**To do**
With the pictures left out, print exactly the lines below that run from the one containing "Au rez-de-chaussée, un" through the one containing "Märke med texten".

═══ Entries provided

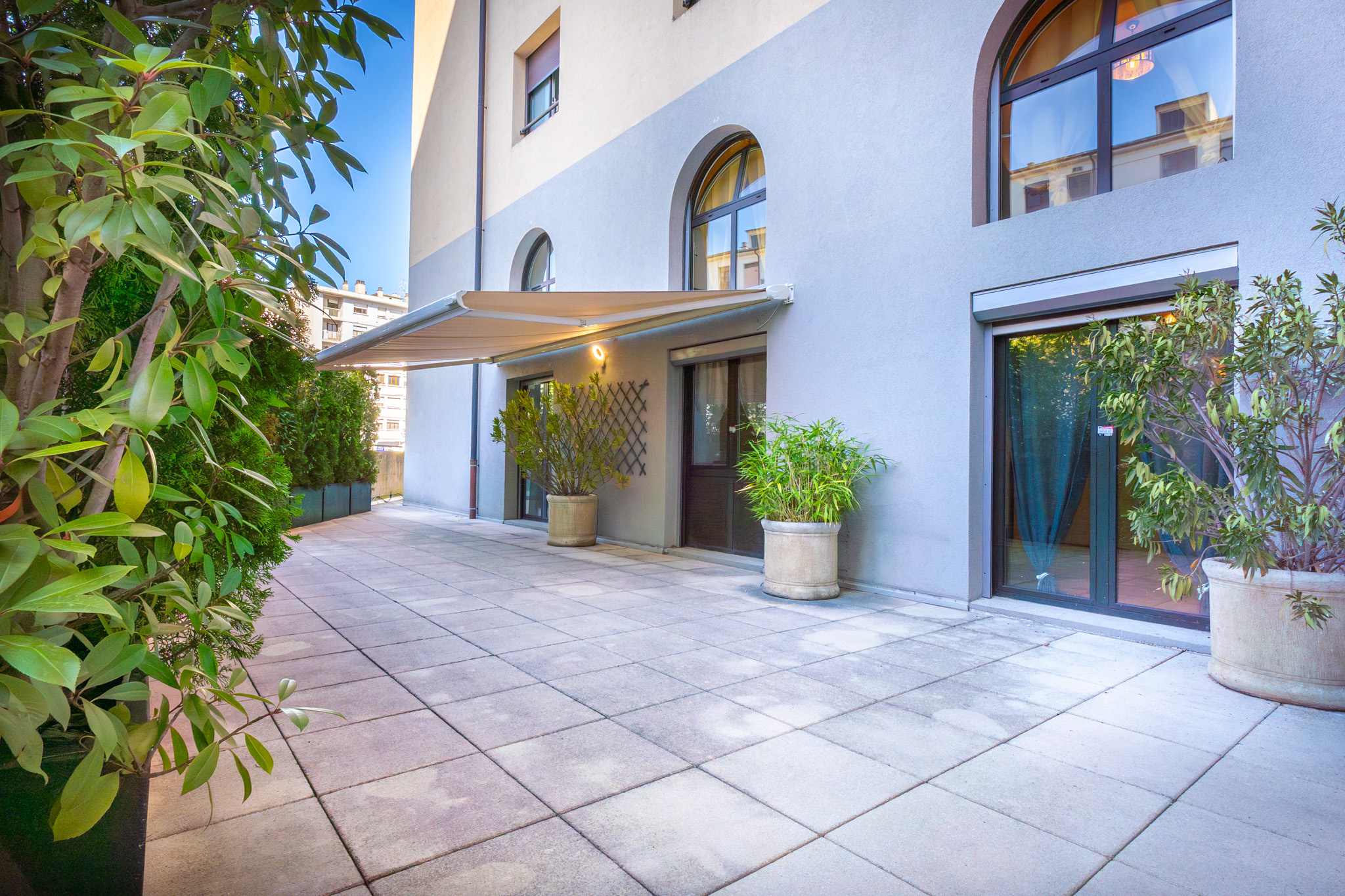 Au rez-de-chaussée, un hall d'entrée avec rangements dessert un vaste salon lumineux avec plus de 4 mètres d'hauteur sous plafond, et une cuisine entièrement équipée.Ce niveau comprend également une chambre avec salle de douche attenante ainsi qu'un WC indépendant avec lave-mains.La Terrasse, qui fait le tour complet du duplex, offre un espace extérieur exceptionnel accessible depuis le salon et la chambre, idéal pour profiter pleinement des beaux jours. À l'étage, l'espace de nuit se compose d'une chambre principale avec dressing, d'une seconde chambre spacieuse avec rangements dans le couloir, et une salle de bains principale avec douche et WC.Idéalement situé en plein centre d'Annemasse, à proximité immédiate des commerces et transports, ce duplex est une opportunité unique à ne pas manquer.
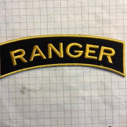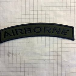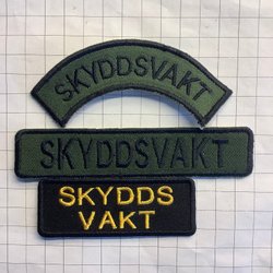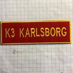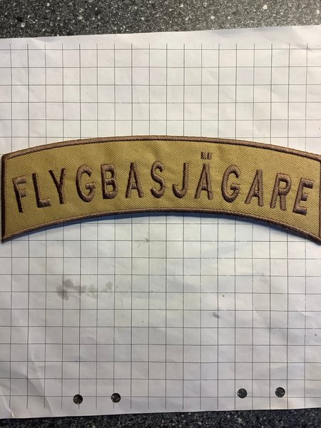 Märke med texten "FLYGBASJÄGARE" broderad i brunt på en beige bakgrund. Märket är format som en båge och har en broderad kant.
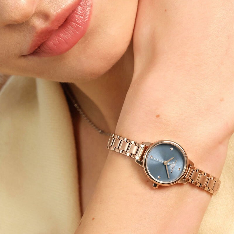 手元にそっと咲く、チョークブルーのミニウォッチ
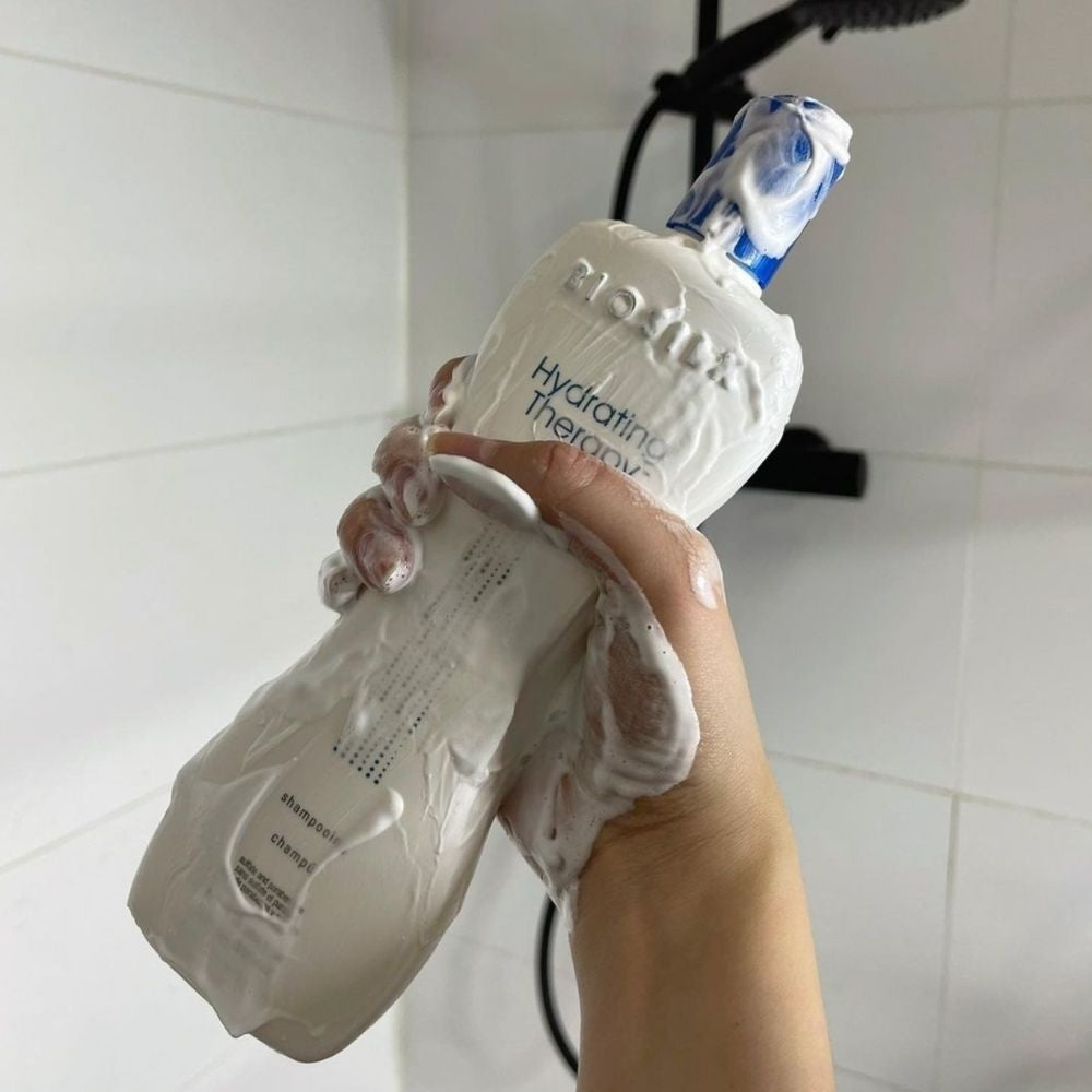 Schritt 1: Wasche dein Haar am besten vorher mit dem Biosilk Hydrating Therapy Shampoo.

══════
═══ Entries provided

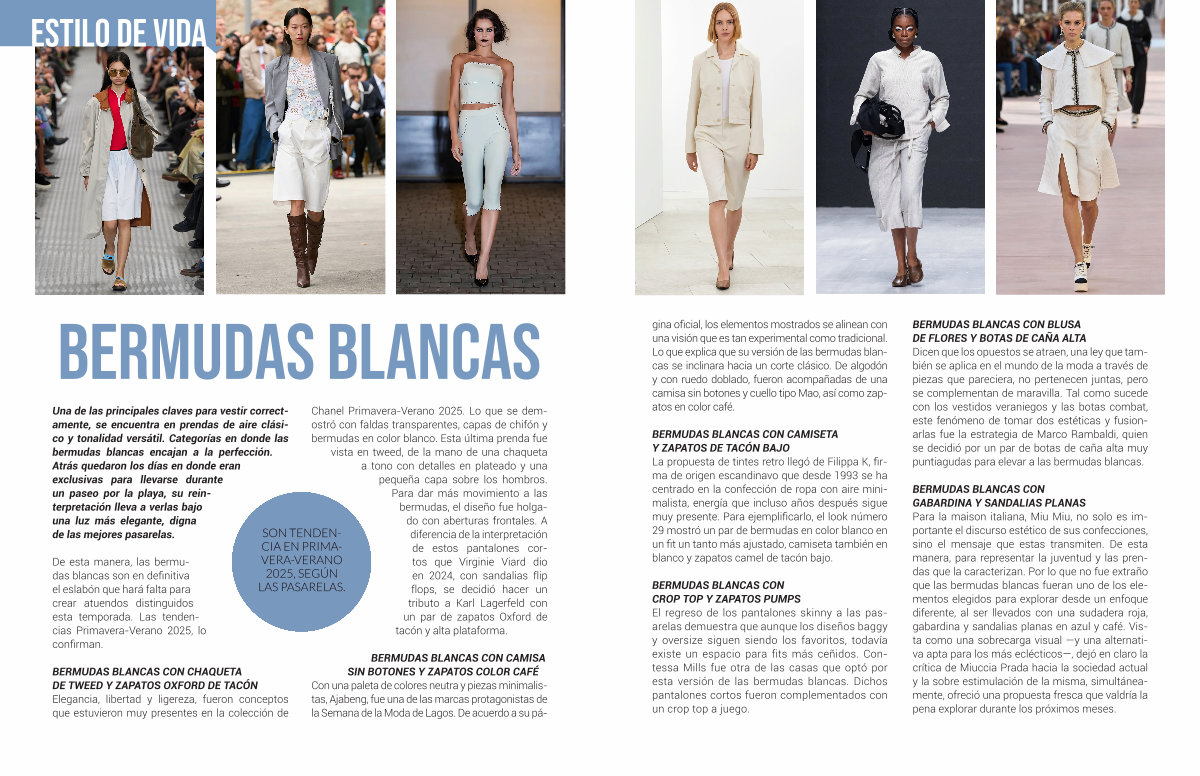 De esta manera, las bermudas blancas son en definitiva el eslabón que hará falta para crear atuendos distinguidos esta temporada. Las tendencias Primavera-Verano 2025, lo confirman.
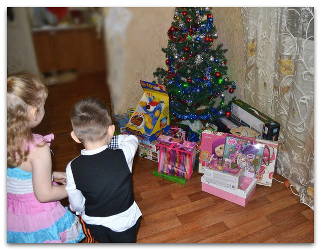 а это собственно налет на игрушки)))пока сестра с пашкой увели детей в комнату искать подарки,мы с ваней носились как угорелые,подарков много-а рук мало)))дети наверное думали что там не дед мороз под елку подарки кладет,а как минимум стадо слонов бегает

══════

**Solution**
 Au rez-de-chaussée, un hall d'entrée avec rangements dessert un vaste salon lumineux avec plus de 4 mètres d'hauteur sous plafond, et une cuisine entièrement équipée.Ce niveau comprend également une chambre avec salle de douche attenante ainsi qu'un WC indépendant avec lave-mains.La Terrasse, qui fait le tour complet du duplex, offre un espace extérieur exceptionnel accessible depuis le salon et la chambre, idéal pour profiter pleinement des beaux jours. À l'étage, l'espace de nuit se compose d'une chambre principale avec dressing, d'une seconde chambre spacieuse avec rangements dans le couloir, et une salle de bains principale avec douche et WC.Idéalement situé en plein centre d'Annemasse, à proximité immédiate des commerces et transports, ce duplex est une opportunité unique à ne pas manquer.
 Märke med texten "FLYGBASJÄGARE" broderad i brunt på en beige bakgrund. Märket är format som en båge och har en broderad kant.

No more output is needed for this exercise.